Dictionary of dataframes, one for each contrast, with the following columns:

  • gene_ids : str Gene IDs.
  • logFC : float Log2 fold change.
  • logCPM : float Log2 CPM.
  • F: float F-statistic.
  • PValue : float p-value.
  • FDR : float False discovery rate.
  • pct_expr_cnd : float Percentage of cells in condition group expressing the gene.
  • pct_expr_ref : float Percentage of cells in reference group expressing the gene.

pseudobulk_limma

pseudobulk_limma(adata: AnnData, group_key: str, condition_group: str | list[str] | None = None, reference_group: str | None = None, cell_identity_key: str | None = None, batch_key: str | None = None, layer: str | None = None, replicas_per_group: int = 5, min_cells_per_group: int = 30, bootstrap_sampling: bool = False, use_cells: dict[str, list[str]] | None = None, aggregate: bool = True, verbosity: int = 0) -> dict[str, DataFrame]
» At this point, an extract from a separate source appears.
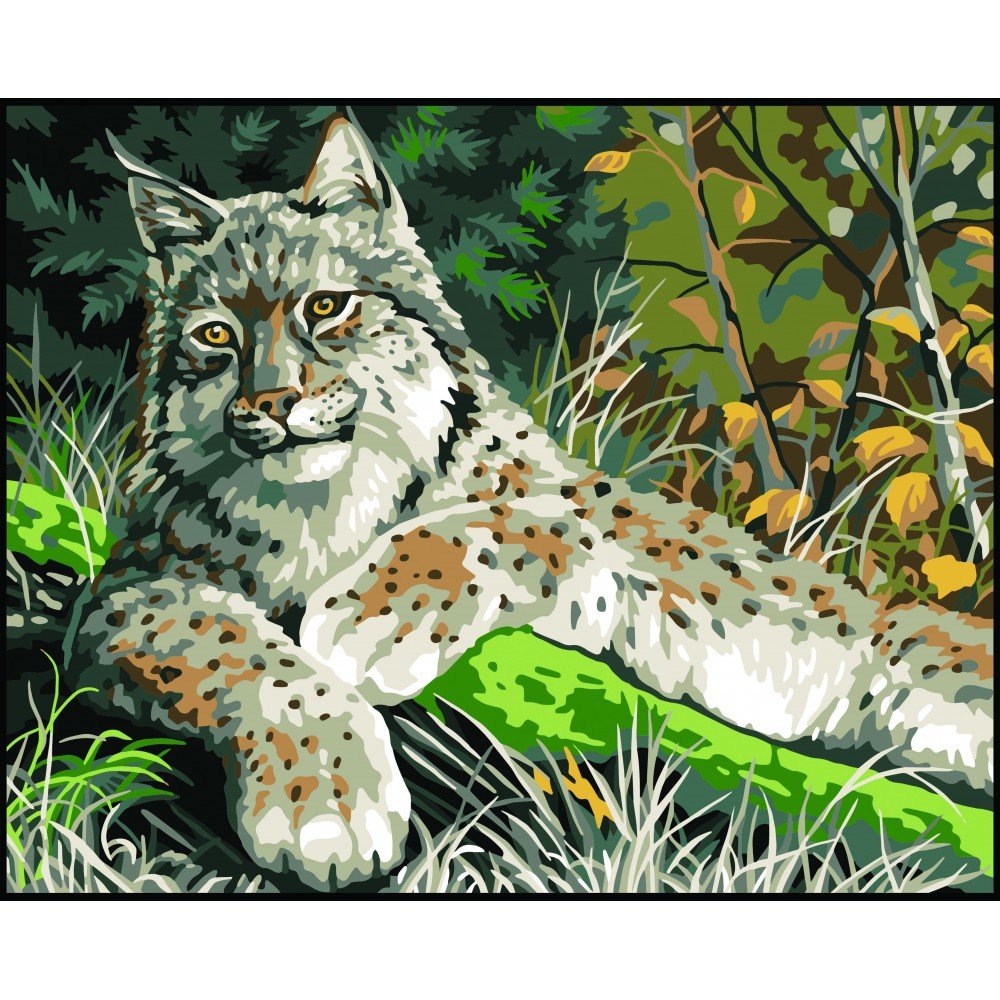 Printed tapestry canvas "Lynx", fabric: brown Zweigart Stramin (100% cotton), 40 cross stitches per 10 cm (10 count). Finished design size: 50 x 40 cm/19.69 x 15.75", canvas measurement: 60 x 50 cm/23.62 x 19.69". Threads are not included! Embroidered in cross-stitch, half-cross or tapestry. Threads suitable: wool, thick acrylic yarn, cotton mouline (e.g., DMC) - best for 4-strand cross-stitch or 6-strand half-cross. Printed color numbers from the DMC color chart for selecting any threads or beads. The canvas, resembling a rigid, finely meshed grid, allows for excellent work without hoop and chart.

Pseudobulk differential expression analysis using limma-voom.

Aggregates single cells into pseudobulk samples, then fits a linear model with limma-voom (via R) and computes top-table statistics for each requested contrast.

Requires R with the packages limma, edgeR, MAST, and SingleCellExperiment, as well as the Python packages rpy2 and anndata2ri.

Parameters:

Name Type Description Default
adata AnnData

Annotated data matrix.

required
group_key str

Column in adata.obs defining the experimental groups.

required
condition_group str or list of str or None

Group(s) to test against reference_group. If None, each group is contrasted with the corresponding reference. Default is None.

None
reference_group str or None

Reference group for contrasts. If None, each condition group is contrasted with all remaining cells. Default is None.

None
cell_identity_key str or None

Column in adata.obs for stratifying contrasts by cell type or identity. Separate DE results are returned per identity. Default is None.

None
batch_key str or None

Column in adata.obs to include as a covariate in the design matrix for batch correction. Default is None.

None
layer str or None

Layer containing raw counts required by limma/edgeR. Uses adata.X if None. Default is None.

None
replicas_per_group int

Number of pseudobulk replicas to create per group. Default is 5.

5
min_cells_per_group int

Minimum number of cells required for a group to be included. Default is 30.

30
bootstrap_sampling bool

If True, use bootstrap sampling when creating pseudobulk replicas. Default is False.

False
use_cells dict or None

Restrict analysis to specific cell subsets. Keys are adata.obs columns and values are lists of categories to include. Default is None.

None
aggregate bool

If True, aggregate cells into pseudobulk samples before fitting. Default is True.

True
verbosity int

Verbosity level (0 = silent). Default is 0.

0

Returns:

Type Description
dict of str to pd.DataFrame

One DataFrame per contrast (keyed by contrast label), with columns:

  • logFC — log2 fold change.
  • AveExpr — average log2 expression.
  • t — moderated t-statistic.
  • P.Value — raw p-value.
  • adj.P.Val — Benjamini-Hochberg adjusted p-value.
  • B — log-odds of differential expression.
  • pct_expr_cnd / pct_expr_ref — fraction of expressing cells in condition/reference group.